I start to stew again on the drive to the office. By the time I pull into my building’s parking garage, I’m thinking about the fact that not only has Boyfriend wasted two years of my life, but now I’m going to have to deal with the fallout by going to therapy, and I don’t have time for any of this because I’m in my forties now and half my life is over and . . . oh my God, there it is again! Half my life is over. I’ve never said that to myself or anyone else before. Why does it keep popping up?

You’re grieving something bigger, Wendell had said.

But I forget all about this as soon as I step into the elevator at work.

 

 

8

 

Rosie


“Well, it’s official,” John says after slipping off his shoes and sitting cross-legged on the sofa. “I’m surrounded by idiots.”

His phone vibrates. As he reaches for it, I raise my eyebrows. In return, John gives me an exaggerated eye roll.

It’s our fourth session together, and I’ve started to form some initial impressions. I get the sense that, despite all the people surrounding him, John is desperately isolated—and that this is by design. Something in his life has made getting close seem dangerous, so dangerous that he does everything in his power to prevent it. His arsenal is effective: He insults me, goes on long tangents, changes the subject, and interrupts whenever I attempt to speak. But unless I can find a way to get past his defenses, we’ll have no chance of making headway.

One of these defenses is his cell phone.

Last week, after John began texting in session, I brought his attention to my experience of feeling dismissed when he texts. This is called working in the here-and-now. Instead of focusing on a patient’s stories from the outside world, the here-and-now is about what’s occurring in the room. You can bet that whatever a patient does with his therapist, he also does with others, and I wanted John to begin to see the impact he had on people. I knew I ran the risk of pushing too far too soon, but I remembered a detail about his earlier therapy: It had lasted just three sessions, exactly where we were. I didn’t know how long I’d have with him.
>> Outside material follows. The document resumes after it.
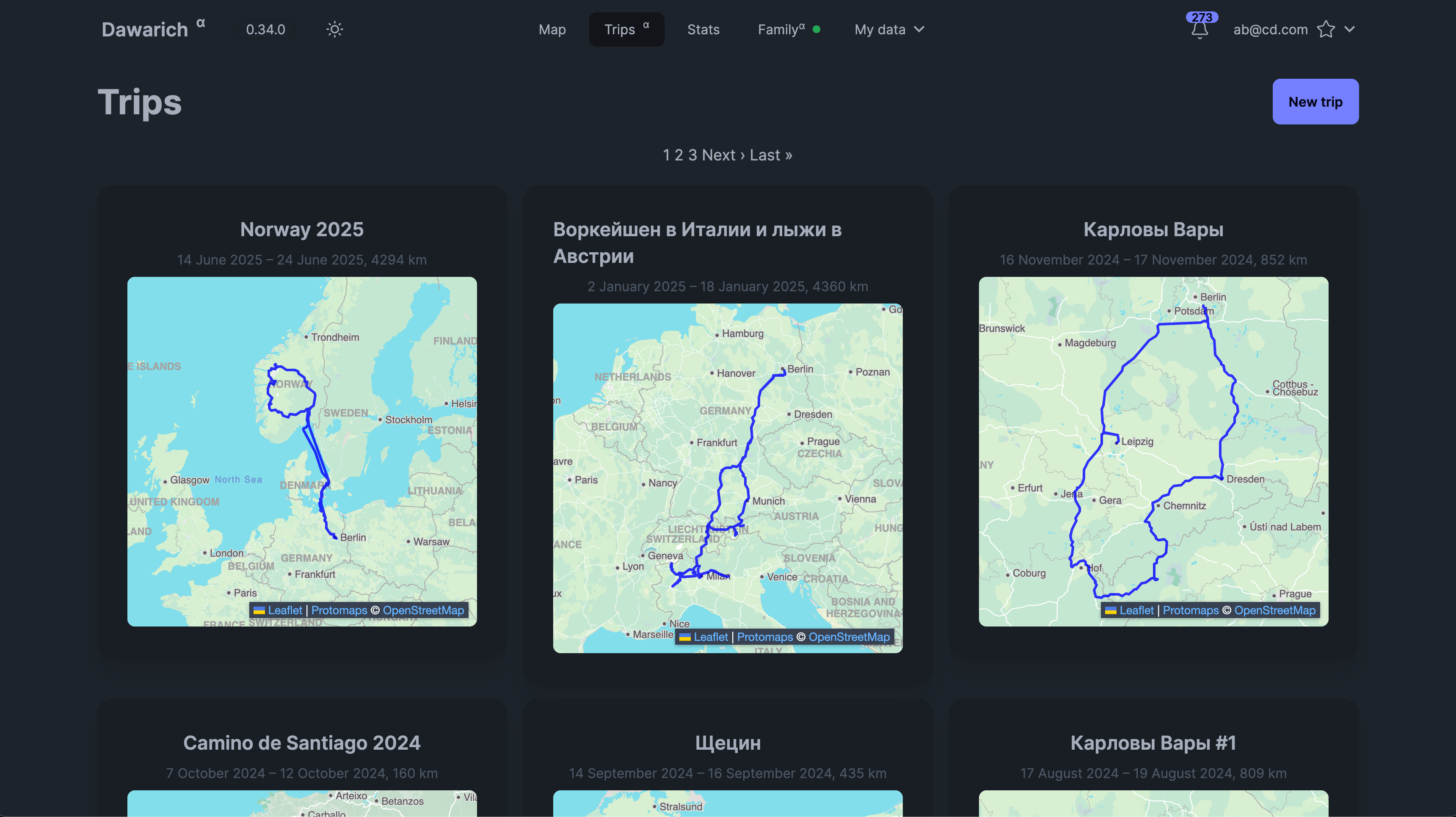 • Create a trip to visualize your travels between two points in time. You'll be able to see the route, distance, and time spent, and also add notes to your trip. If you have Immich or Photoprism integration, you'll also be able to see photos from your trips!

I was guessing that John had left his previous therapist for one of two reasons: either she didn’t call him on his bullshit, which makes patients feel unsafe, like children whose parents don’t hold them accountable; or she did call him on his bullshit, but she moved too fast and committed the same mistake I was potentially about to make. I was willing to risk it, though. I wanted John to feel comfortable in therapy but not so comfortable that I wasn’t helping him.

Above all, I didn’t want to fall into the trap that Buddhists call idiot compassion—an apt phrase, given John’s worldview. In idiot compassion, you avoid rocking the boat to spare people’s feelings, even though the boat needs rocking and your compassion ends up being more harmful than your honesty. People do this with teenagers, spouses, addicts, even themselves. Its opposite is wise compassion, which means caring about the person but also giving him or her a loving truth bomb when needed.

“You know, John,” I’d said the week before as he texted away, “I’m curious if you have any reaction to my feeling dismissed when you do this.”

He held up a finger—Hang on—but continued to text. When he finished, he looked up at me. “Sorry, what was I saying?”